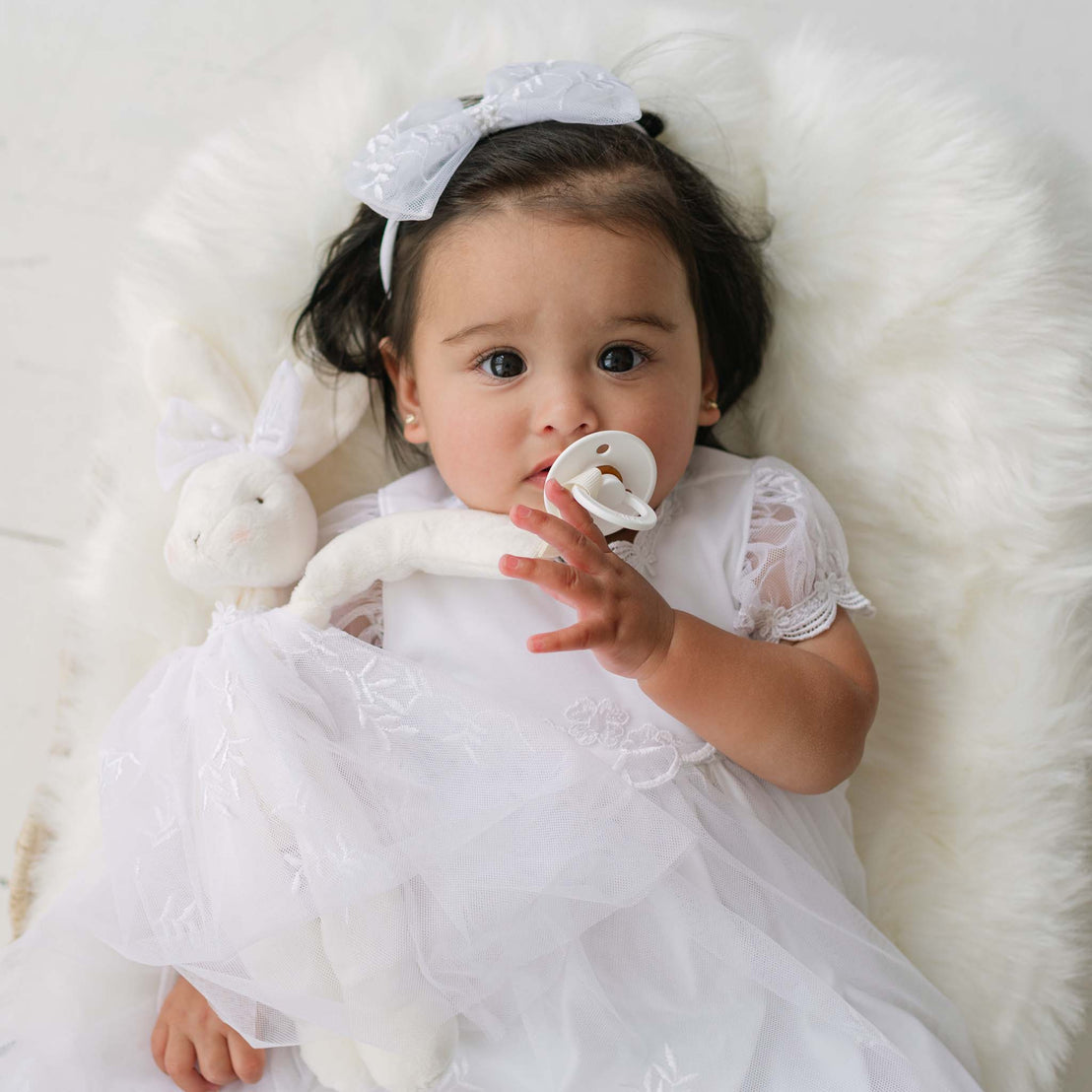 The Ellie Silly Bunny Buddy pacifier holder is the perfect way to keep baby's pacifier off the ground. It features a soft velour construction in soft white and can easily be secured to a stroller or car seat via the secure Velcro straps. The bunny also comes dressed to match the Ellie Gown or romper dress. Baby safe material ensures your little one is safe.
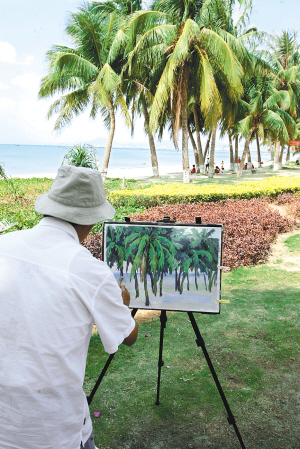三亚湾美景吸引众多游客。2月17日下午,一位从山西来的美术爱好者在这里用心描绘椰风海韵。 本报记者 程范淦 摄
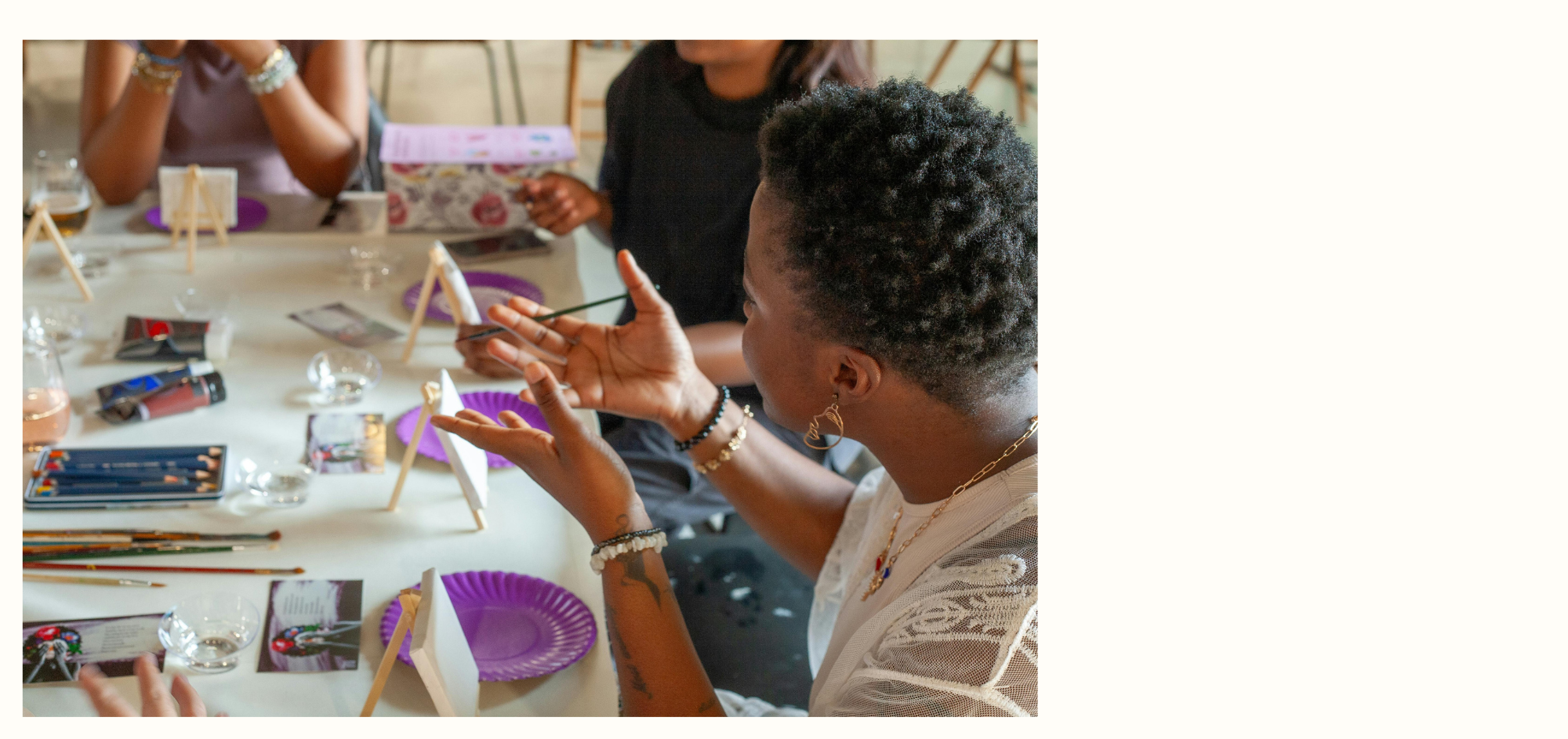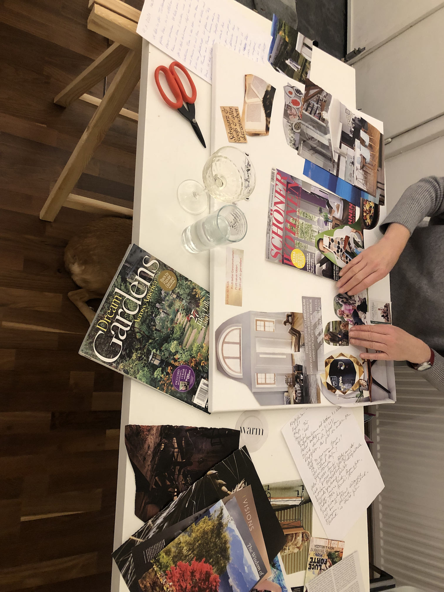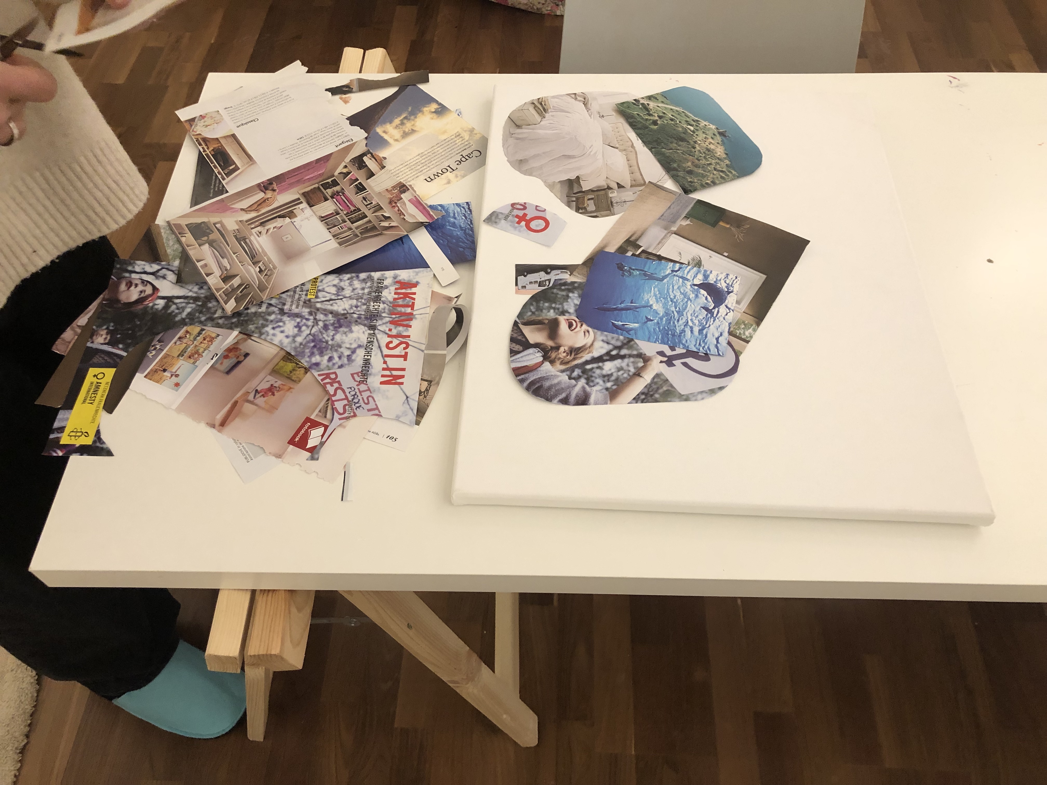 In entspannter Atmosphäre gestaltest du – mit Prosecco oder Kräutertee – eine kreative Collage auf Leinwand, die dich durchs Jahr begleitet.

....................

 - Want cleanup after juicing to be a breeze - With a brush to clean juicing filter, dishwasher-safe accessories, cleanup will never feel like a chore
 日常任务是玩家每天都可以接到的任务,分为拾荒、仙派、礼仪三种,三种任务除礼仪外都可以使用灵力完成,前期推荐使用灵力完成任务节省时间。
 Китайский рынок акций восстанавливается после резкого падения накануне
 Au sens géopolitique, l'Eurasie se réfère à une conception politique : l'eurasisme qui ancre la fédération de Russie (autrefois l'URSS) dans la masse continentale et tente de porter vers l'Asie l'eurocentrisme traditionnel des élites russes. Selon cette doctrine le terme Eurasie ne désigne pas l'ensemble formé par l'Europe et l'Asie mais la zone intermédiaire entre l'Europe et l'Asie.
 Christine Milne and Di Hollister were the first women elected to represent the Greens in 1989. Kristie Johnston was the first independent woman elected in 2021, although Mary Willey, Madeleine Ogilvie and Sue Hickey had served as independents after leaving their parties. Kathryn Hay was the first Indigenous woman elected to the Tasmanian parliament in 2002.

....................

(Exercise prompt)
Using the entries above, extract exactly the span from the line with "日常任务是玩家每天都可以接到" to the line with "Christine Milne and", both lines included; leave out everything else.

(Response to this task)
 日常任务是玩家每天都可以接到的任务,分为拾荒、仙派、礼仪三种,三种任务除礼仪外都可以使用灵力完成,前期推荐使用灵力完成任务节省时间。
 Китайский рынок акций восстанавливается после резкого падения накануне
 Au sens géopolitique, l'Eurasie se réfère à une conception politique : l'eurasisme qui ancre la fédération de Russie (autrefois l'URSS) dans la masse continentale et tente de porter vers l'Asie l'eurocentrisme traditionnel des élites russes. Selon cette doctrine le terme Eurasie ne désigne pas l'ensemble formé par l'Europe et l'Asie mais la zone intermédiaire entre l'Europe et l'Asie.
 Christine Milne and Di Hollister were the first women elected to represent the Greens in 1989. Kristie Johnston was the first independent woman elected in 2021, although Mary Willey, Madeleine Ogilvie and Sue Hickey had served as independents after leaving their parties. Kathryn Hay was the first Indigenous woman elected to the Tasmanian parliament in 2002.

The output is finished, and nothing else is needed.